Apple has announced that its Mac App Store will open for business on January 6th. It’s a close counterpart to the iPhone App Store–easy app discovery, downloads, installs, and uninstalls, and a deal that gives developers 70 percent of the profits. But the dynamics of the business may be quite different given that the Mac Store will be an additional way to acquire apps rather than the only official one. I’m reserving judgement on how big a deal it’ll be. (Actually, I’m not even sure how much I’ll use it, let alone the rest of the world.)

Apple’s announcement about the launch included the following Steve Jobs quote:

The App Store revolutionized mobile apps,” said Steve Jobs, Apple’s CEO. “We hope to do the same for PC apps with the Mac App Store by making finding and buying PC apps easy and fun.

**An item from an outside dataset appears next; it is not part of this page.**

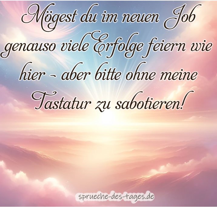 - „Mögest du im neuen Job genauso viele Erfolge feiern wie hier – aber bitte ohne meine Tastatur zu sabotieren!“ 🎉⌨️

We can’t wait to get started on January 6.

This isn’t the first time that Jobs has referred to Macs as PCs. And it doesn’t pay to read too much into canned quotes in press releases. But it’s been my stubborn habit to call Windows-based computers “Windows PCs” for years, based on the principle that Macs are also personal computers. It’s nice to see Apple–a company that has been known to bash PCs–using the same logic. To me, it’s linguistically and technologically appropriate. And who knows–Windows users might be a tiny bit more likely to consider buying an Apple computer if they look at them as an excellent PC rather than a fundamentally different, foreign device.

(I was tempted to end this post by wondering whether Jobs’ reference to PCs was a hint that the company might release an App Store for Windows PCs. But nah, it’s not going to happen…)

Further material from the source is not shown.